Work to complete -
Please output exactly the lines below, starting at the line that has "In the closed" and ending at the line that has "Don José (90)", both included; leave out all pictures and include nothing else.

Exercise data -
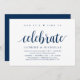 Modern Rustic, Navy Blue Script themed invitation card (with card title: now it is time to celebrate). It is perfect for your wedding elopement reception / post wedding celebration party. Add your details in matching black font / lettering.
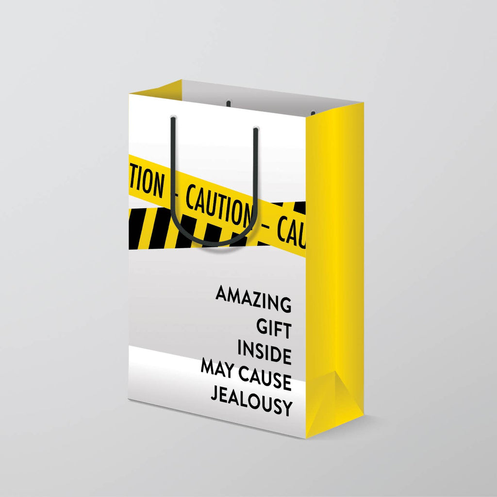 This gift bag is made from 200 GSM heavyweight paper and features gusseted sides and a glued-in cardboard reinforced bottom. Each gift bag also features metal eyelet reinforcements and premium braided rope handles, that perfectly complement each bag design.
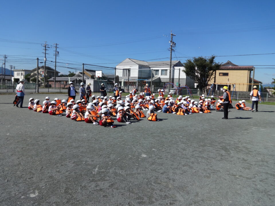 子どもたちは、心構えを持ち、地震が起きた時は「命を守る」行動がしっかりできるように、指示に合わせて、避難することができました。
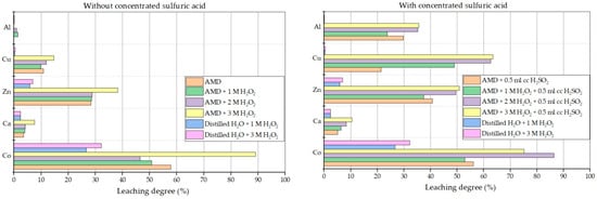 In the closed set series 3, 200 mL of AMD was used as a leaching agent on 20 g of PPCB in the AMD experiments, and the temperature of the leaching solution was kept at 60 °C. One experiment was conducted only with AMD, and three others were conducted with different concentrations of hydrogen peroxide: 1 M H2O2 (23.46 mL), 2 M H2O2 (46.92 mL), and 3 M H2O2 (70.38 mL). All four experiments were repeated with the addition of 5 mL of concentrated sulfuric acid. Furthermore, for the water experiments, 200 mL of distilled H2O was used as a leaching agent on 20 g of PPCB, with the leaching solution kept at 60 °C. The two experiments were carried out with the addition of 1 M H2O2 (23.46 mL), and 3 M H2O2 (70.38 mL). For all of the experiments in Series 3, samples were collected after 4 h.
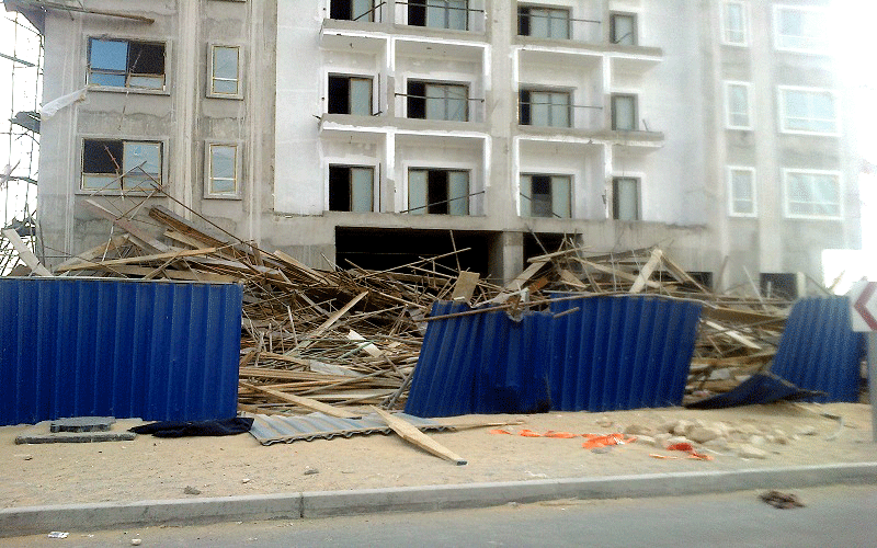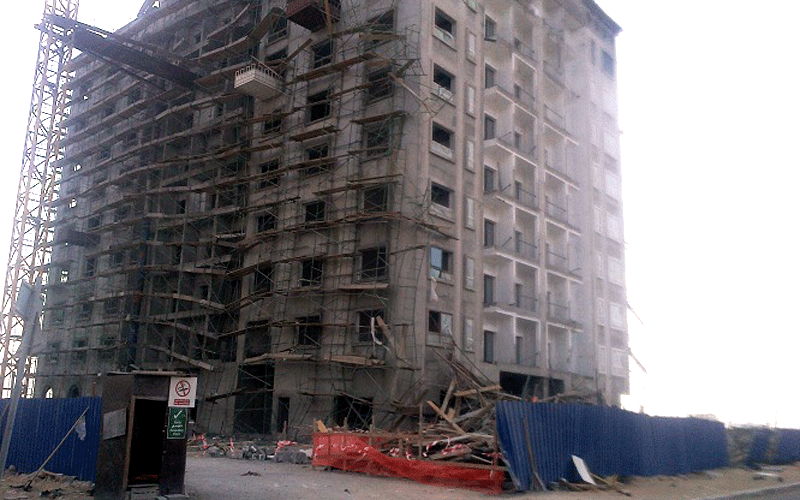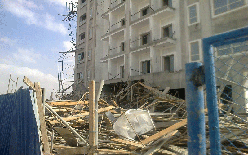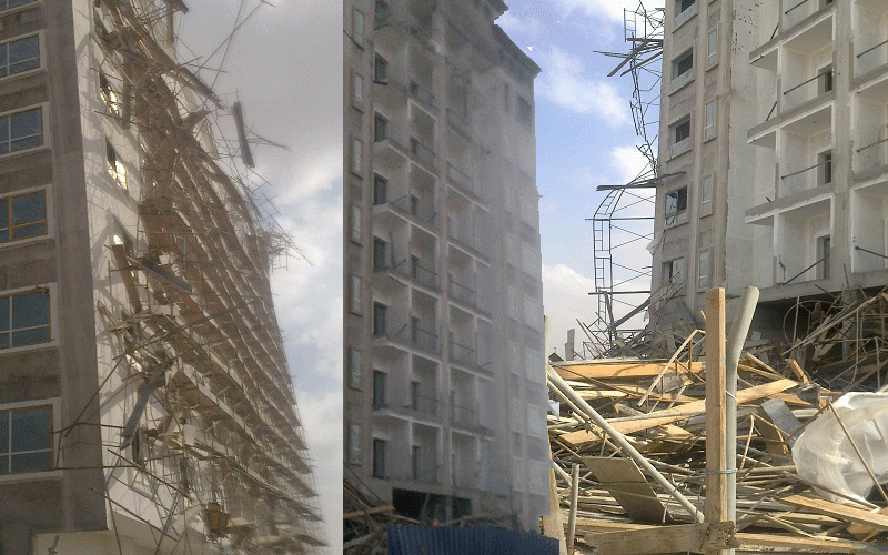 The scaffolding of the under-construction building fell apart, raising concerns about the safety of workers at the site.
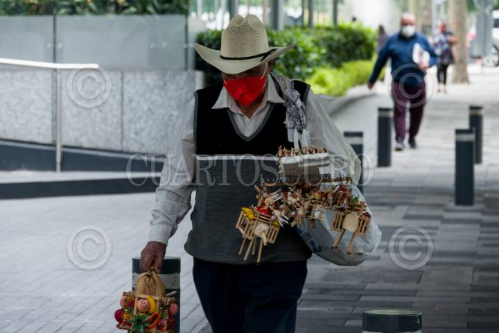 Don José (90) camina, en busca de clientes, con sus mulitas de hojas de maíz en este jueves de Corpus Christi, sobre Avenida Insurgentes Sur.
--
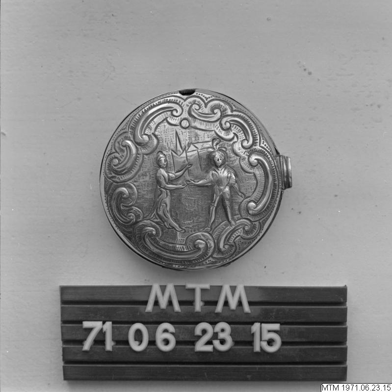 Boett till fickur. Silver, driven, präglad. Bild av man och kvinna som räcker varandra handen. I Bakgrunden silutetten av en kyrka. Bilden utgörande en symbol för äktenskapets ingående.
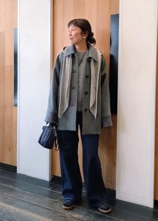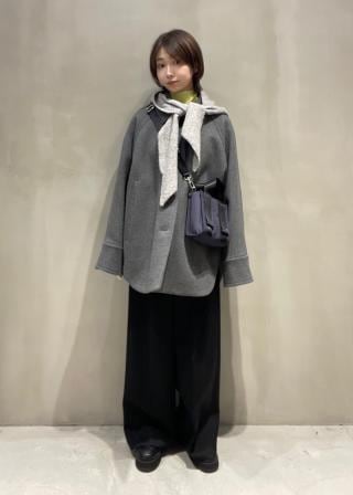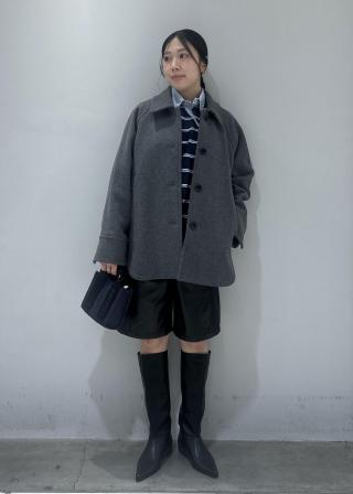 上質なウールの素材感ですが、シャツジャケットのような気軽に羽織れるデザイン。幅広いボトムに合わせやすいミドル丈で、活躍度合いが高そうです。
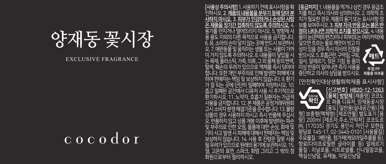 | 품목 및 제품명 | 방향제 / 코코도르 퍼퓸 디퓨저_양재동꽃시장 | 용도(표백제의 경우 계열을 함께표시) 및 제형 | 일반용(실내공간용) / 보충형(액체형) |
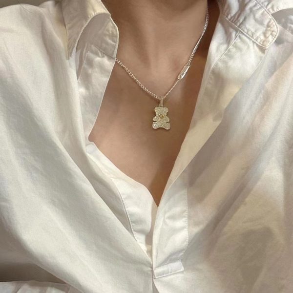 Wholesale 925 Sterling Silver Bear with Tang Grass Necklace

Result of the task -
 In the closed set series 3, 200 mL of AMD was used as a leaching agent on 20 g of PPCB in the AMD experiments, and the temperature of the leaching solution was kept at 60 °C. One experiment was conducted only with AMD, and three others were conducted with different concentrations of hydrogen peroxide: 1 M H2O2 (23.46 mL), 2 M H2O2 (46.92 mL), and 3 M H2O2 (70.38 mL). All four experiments were repeated with the addition of 5 mL of concentrated sulfuric acid. Furthermore, for the water experiments, 200 mL of distilled H2O was used as a leaching agent on 20 g of PPCB, with the leaching solution kept at 60 °C. The two experiments were carried out with the addition of 1 M H2O2 (23.46 mL), and 3 M H2O2 (70.38 mL). For all of the experiments in Series 3, samples were collected after 4 h.
 The scaffolding of the under-construction building fell apart, raising concerns about the safety of workers at the site.
 Don José (90) camina, en busca de clientes, con sus mulitas de hojas de maíz en este jueves de Corpus Christi, sobre Avenida Insurgentes Sur.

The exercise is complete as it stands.